# YOUR GOAL
The answer should match the entries that follow exactly, except that no image appears in it.

★ ★ ★

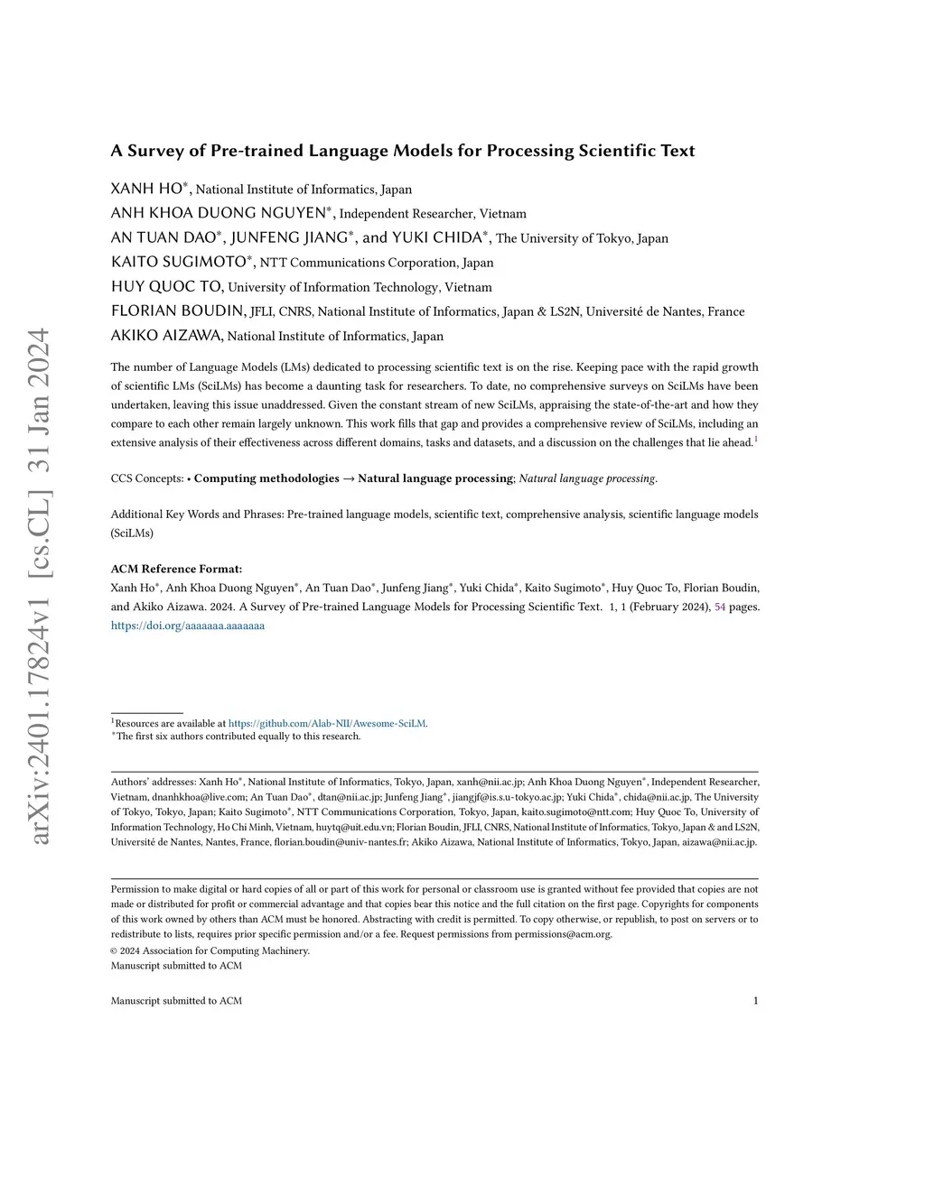 A Survey of Pre-trained Language Models for Processing Scientific Text
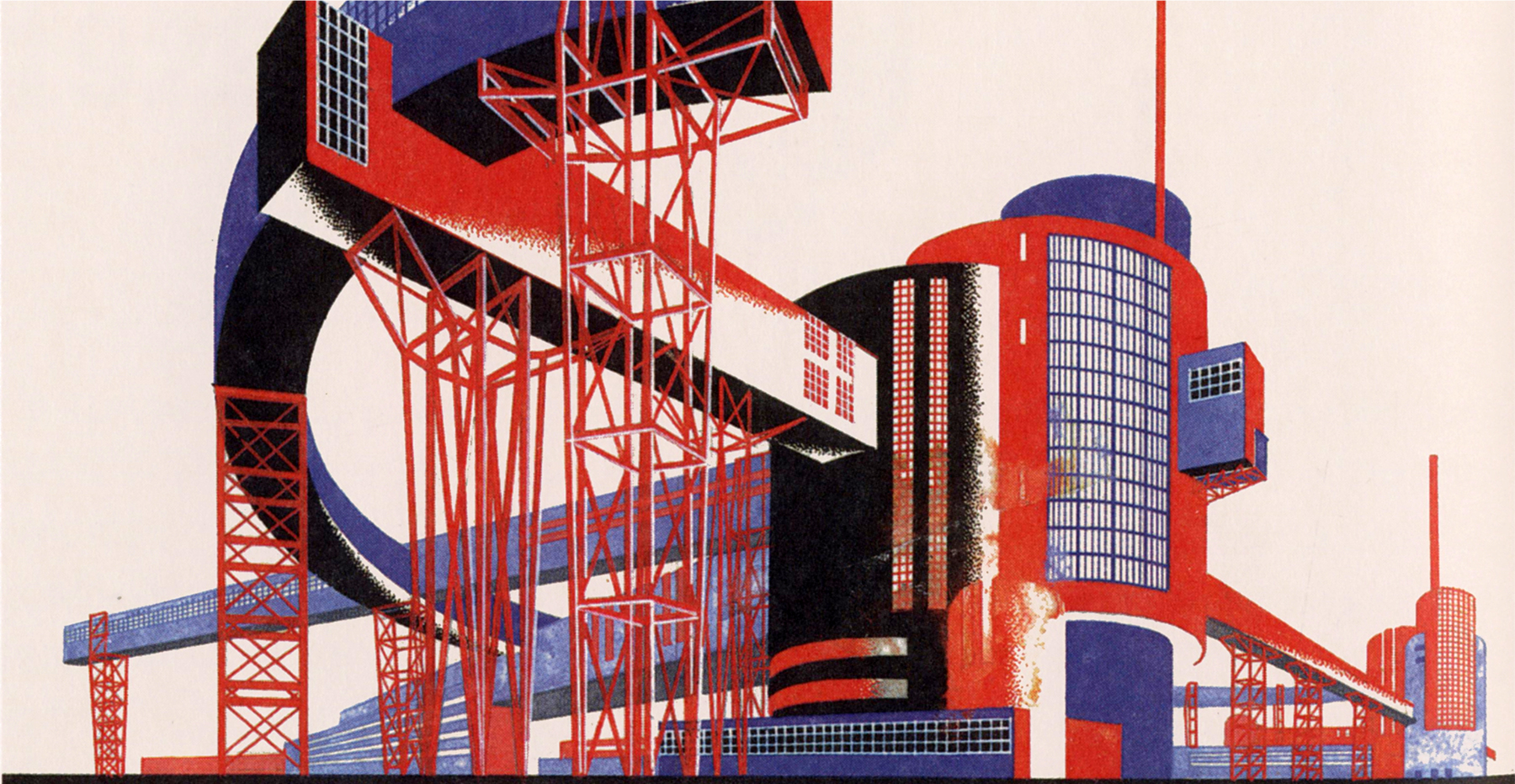 Иван Леонидов: Институт Ленина — 1927Облачное железо Эль Лисицкого — горизонтальный небоскреб для уменьшения переполненности. Его концепция заключалась в сети горизонтальных кварталов в Москве, размещенных поверх вертикальных колонн. Горизонтальные секции были бы офисами и квартирами, которые были бы связаны с транспортными станциями через вертикальные колонны. Помимо практического оправдания, Лисицкий хотел дать Москве новый очертания горизонта, чтобы заменить ее старомодное прошлое.
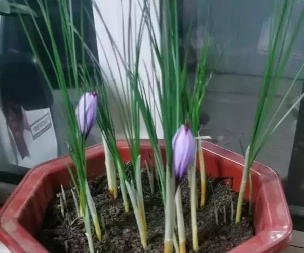 番红花室内和大田的花期均在10月中旬至11月上旬,以每天9-11点开花最盛,花朵色泽鲜艳。室内不受天气影响,可全天采花;室外花朵在开的第1天8-11时采摘,采晚了柱头易沾上雄蕊花粉影响质量。采后剥开花瓣,取出雌蕊花柱和柱头,以三根连着为佳。摊于白纸上置通风处阴干,量大可用烤箱烘干,避光密闭贮藏待售。一般80朵花可加工1克干花,1亩可收干花1-2千克。
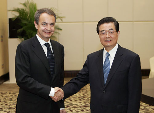 胡锦涛指出,西班牙是中国在欧洲的好朋友、好伙伴。近年来,双方高层交往频繁,各级别交流对话密切。双方始终理解和支持对方重大关切。通过共同应对国际金融危机,两国各领域务实合作取得新的显著进展。经贸关系从贸易往来向投资、技术、新兴产业延伸,电信、金融、可再生能源等成为新的合作亮点。双方人文交流成果丰硕,成功互办“语言年”,加深了两国人民相互了解和友谊。
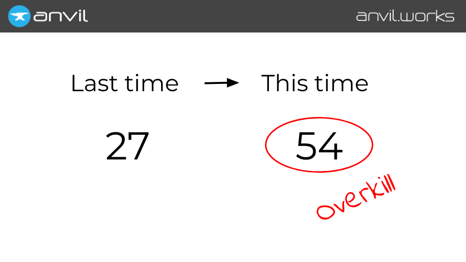 Whereas for the men’s large shirts, we need 36 – that’s only 33% more than last time.

★ ★ ★

# TASK ANSWER
 A Survey of Pre-trained Language Models for Processing Scientific Text
 Иван Леонидов: Институт Ленина — 1927Облачное железо Эль Лисицкого — горизонтальный небоскреб для уменьшения переполненности. Его концепция заключалась в сети горизонтальных кварталов в Москве, размещенных поверх вертикальных колонн. Горизонтальные секции были бы офисами и квартирами, которые были бы связаны с транспортными станциями через вертикальные колонны. Помимо практического оправдания, Лисицкий хотел дать Москве новый очертания горизонта, чтобы заменить ее старомодное прошлое.
 番红花室内和大田的花期均在10月中旬至11月上旬,以每天9-11点开花最盛,花朵色泽鲜艳。室内不受天气影响,可全天采花;室外花朵在开的第1天8-11时采摘,采晚了柱头易沾上雄蕊花粉影响质量。采后剥开花瓣,取出雌蕊花柱和柱头,以三根连着为佳。摊于白纸上置通风处阴干,量大可用烤箱烘干,避光密闭贮藏待售。一般80朵花可加工1克干花,1亩可收干花1-2千克。
 胡锦涛指出,西班牙是中国在欧洲的好朋友、好伙伴。近年来,双方高层交往频繁,各级别交流对话密切。双方始终理解和支持对方重大关切。通过共同应对国际金融危机,两国各领域务实合作取得新的显著进展。经贸关系从贸易往来向投资、技术、新兴产业延伸,电信、金融、可再生能源等成为新的合作亮点。双方人文交流成果丰硕,成功互办“语言年”,加深了两国人民相互了解和友谊。
 Whereas for the men’s large shirts, we need 36 – that’s only 33% more than last time.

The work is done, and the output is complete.